→ YOUR ASSIGNMENT: Pictures are not part of the copy; retype all the records below exactly.

→ DATA FOR THE TASK:
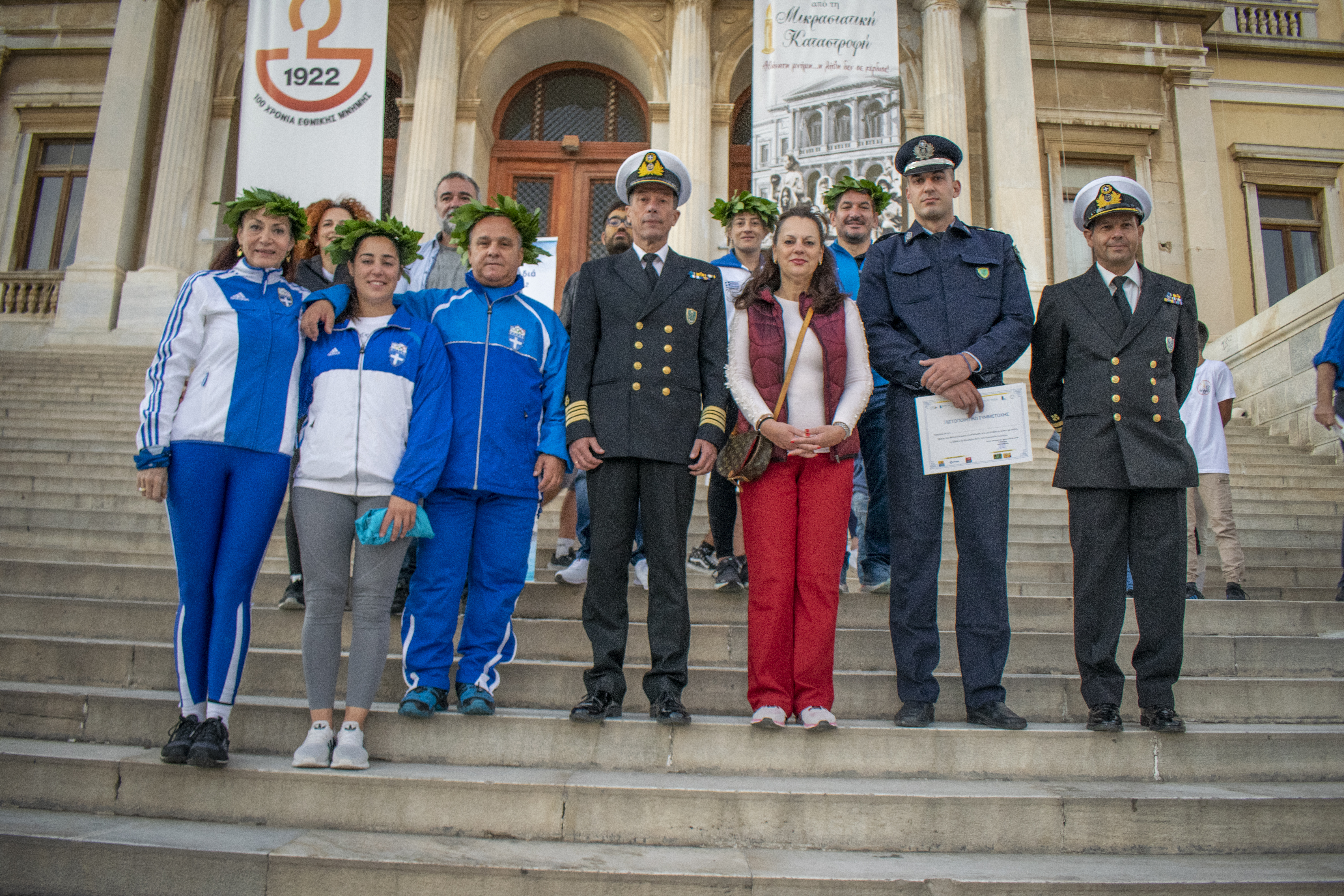 Με την Ελληνική σημαία και υπό τον Ολυμπιακό ύμνο κατέληξαν στην κεντρική πλατεία όπου και στεφανώθηκαν οι μεγάλοι αθλητές.
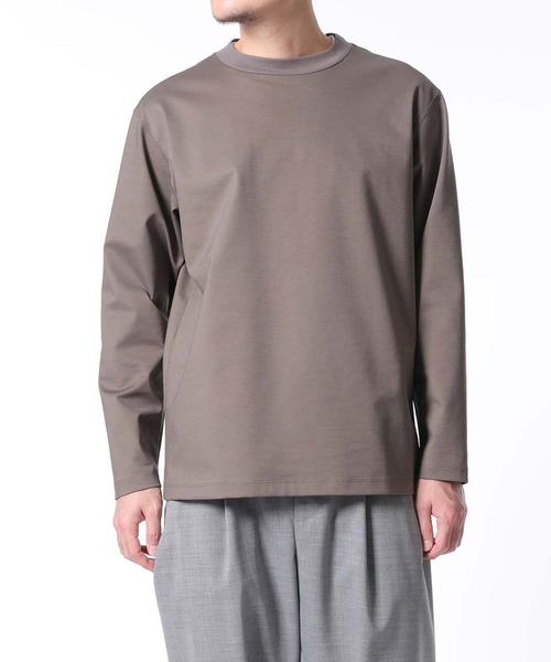 上質なジャージ素材で仕立てた、オールシーズン活躍する万能なロンT〈NORITAKE〉愛知一宮の老舗ジャージーメーカー。丁寧な素材づくりから、綺麗でスポーツライクな上質素材を得意としている。【素材】細番手の綿とストレッチ糸を交編し、度目を詰め、ハイゲージの機械でポンチ組織で編みたてています。もともと毛羽の少ないコンパクト糸という原料を使い、さらにバイオ加工で毛羽を取り除いています。それに加えて、シルケット加工を施すことで、適度なハリ感があり、ストレッチ性にも優れています。【デザイン】程良くゆったりしたシルエットのロンTです。上品な見た目かつ、ハリコシもあるので、立体感のあるシルエットに。1枚でも存在感のあるロンTに仕上がっています。冬はダウンや重衣料のインナーとして、春先は羽織りのインナーや1枚着としても使えるオールシーズン使える万能アイテムです。
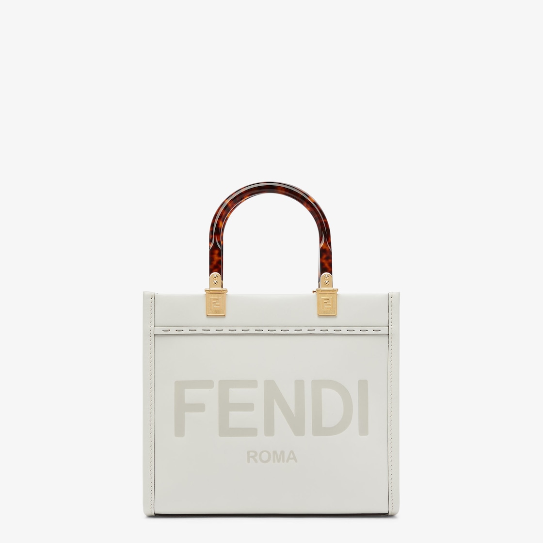 Small Sunshine Shopper bag made of white leather with hot-stamped FENDI ROMA lettering and stiff tortoiseshell plexiglass handles.
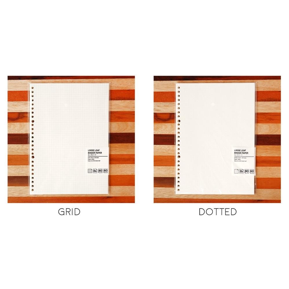 chat admin untuk memastikan ketersediaan stock ya... Kertas loose leaf berwarna putih gading ini adalah teman setia bagi coretan tanganmu. Tulis sepuas hati dan isi ulang binder-mu jika sudah habis. Pilihan format grid dan dot bisa di mix-and-match dengan kertas bergaris untuk memberi kebebasan lebih dalam mencatat. Bahan kertas nyaman ditulisi dengan pena dan pensil, cocok untuk kebutuhan kuliah dan kerja.
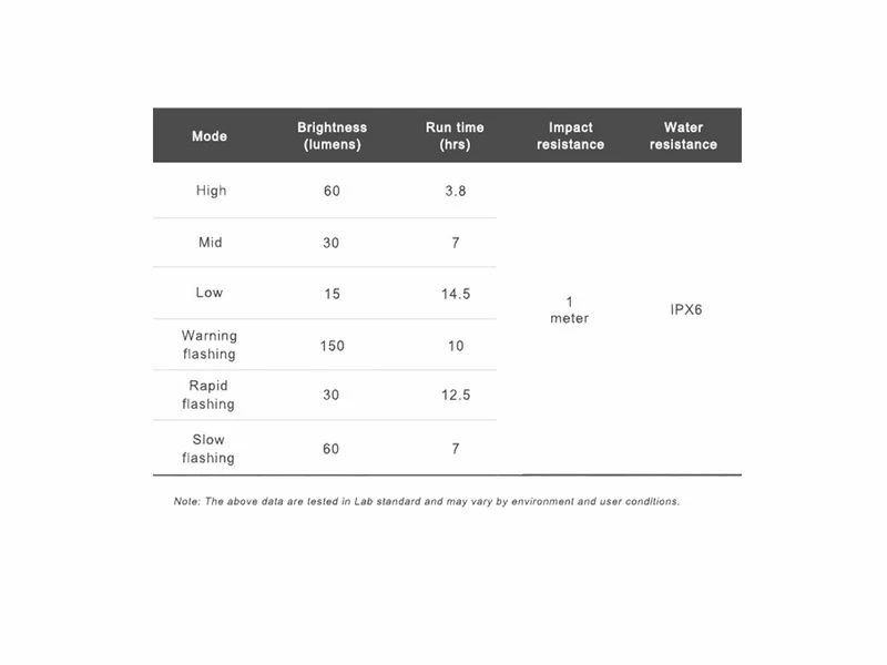 Avec une puissance maximale de 150 lumens et un rythme de clignotement unique, le mode d’avertissement est spécialement conçu pour rouler de jour et être visible de jusqu’à 650 mètres

→ ANSWER SPACE:
 Με την Ελληνική σημαία και υπό τον Ολυμπιακό ύμνο κατέληξαν στην κεντρική πλατεία όπου και στεφανώθηκαν οι μεγάλοι αθλητές.
 上質なジャージ素材で仕立てた、オールシーズン活躍する万能なロンT〈NORITAKE〉愛知一宮の老舗ジャージーメーカー。丁寧な素材づくりから、綺麗でスポーツライクな上質素材を得意としている。【素材】細番手の綿とストレッチ糸を交編し、度目を詰め、ハイゲージの機械でポンチ組織で編みたてています。もともと毛羽の少ないコンパクト糸という原料を使い、さらにバイオ加工で毛羽を取り除いています。それに加えて、シルケット加工を施すことで、適度なハリ感があり、ストレッチ性にも優れています。【デザイン】程良くゆったりしたシルエットのロンTです。上品な見た目かつ、ハリコシもあるので、立体感のあるシルエットに。1枚でも存在感のあるロンTに仕上がっています。冬はダウンや重衣料のインナーとして、春先は羽織りのインナーや1枚着としても使えるオールシーズン使える万能アイテムです。
 Small Sunshine Shopper bag made of white leather with hot-stamped FENDI ROMA lettering and stiff tortoiseshell plexiglass handles.
 chat admin untuk memastikan ketersediaan stock ya... Kertas loose leaf berwarna putih gading ini adalah teman setia bagi coretan tanganmu. Tulis sepuas hati dan isi ulang binder-mu jika sudah habis. Pilihan format grid dan dot bisa di mix-and-match dengan kertas bergaris untuk memberi kebebasan lebih dalam mencatat. Bahan kertas nyaman ditulisi dengan pena dan pensil, cocok untuk kebutuhan kuliah dan kerja.
 Avec une puissance maximale de 150 lumens et un rythme de clignotement unique, le mode d’avertissement est spécialement conçu pour rouler de jour et être visible de jusqu’à 650 mètres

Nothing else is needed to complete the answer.